Pressure drop and heat transfer of flow boiling R134a in a dimpled flat duct

Abstract

A test facility has been built up to investigate the pressure drop and heat transfer of flow boiling R134a in a dimpled flat duct. The experiments are conducted at mass flux from 102.2 to 205.0 kg m−2 s−1, heat flux from 2.3 to 9.3 kW m−2, pressure from 349.8 to 488.4 kPa and vapor quality from 0.05 to 0.95. The results show that the frictional pressure gradient increases with increasing vapor quality and mass flux, while decreases with a rise in pressure. The heat flux has little impact on the frictional pressure gradient.

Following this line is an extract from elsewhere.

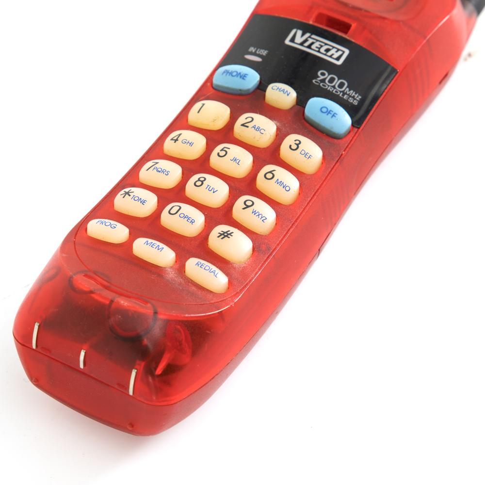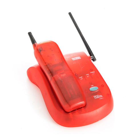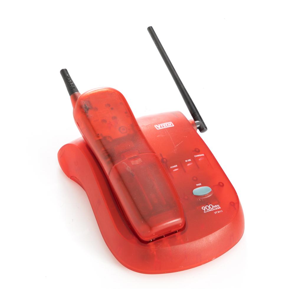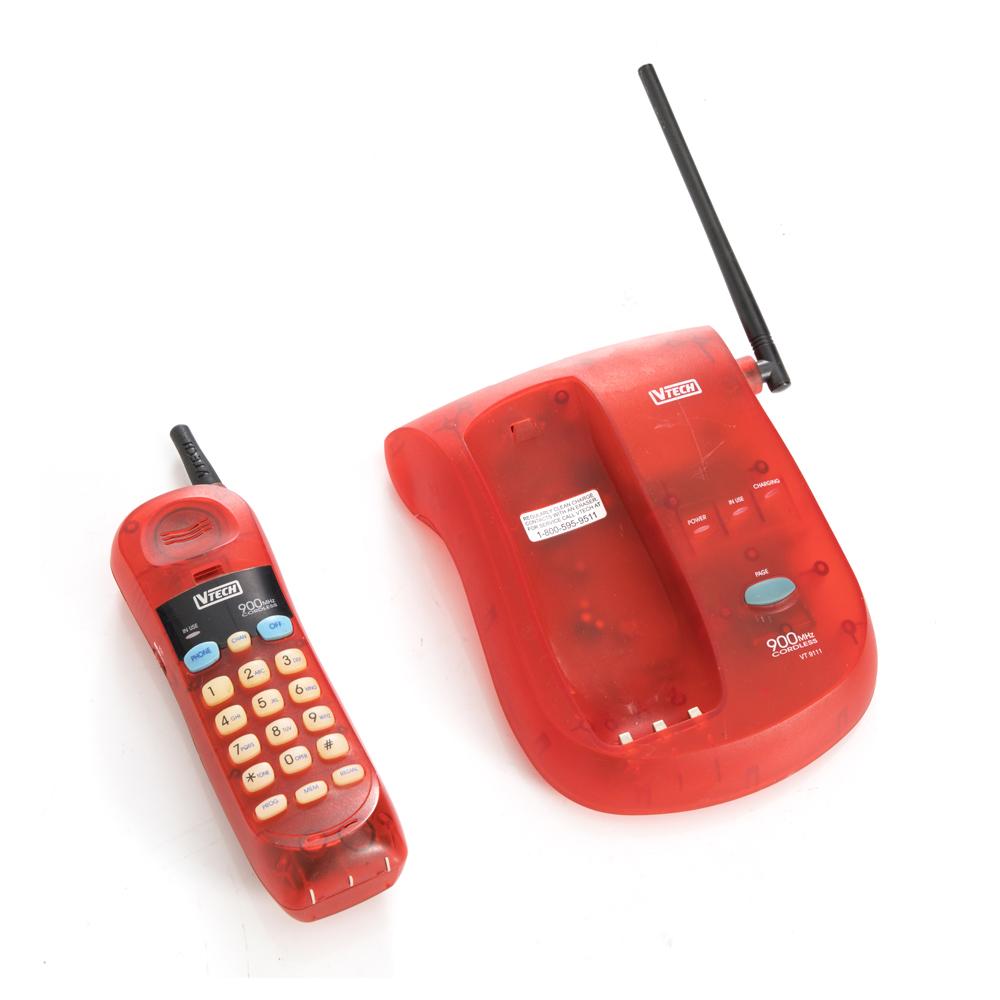 Details: Cordless VT-9111 phone and base, red translucent plastic shell Dimensions: 3.5" H x 5.75" W x 7.5" D Quantity: 1

The flow boiling heat transfer coefficient decreases slightly first and then increases significantly with an increase in vapor quality, which is attributed to the combined contributions of nucleate boiling heat transfer and convective evaporation heat transfer. No dryout has been observed in the tested vapor quality region. The flow boiling heat transfer coefficient visibly increases with increasing mass flux and heat flux, while the rise in pressure just slightly increases the flow boiling heat transfer coefficient in low vapor quality region only. The comparisons with correlations for regular channels show that the dimpled flat duct has 3.9 to 8.3 times frictional pressure gradient and 1.3 to 3.0 times heat transfer coefficient.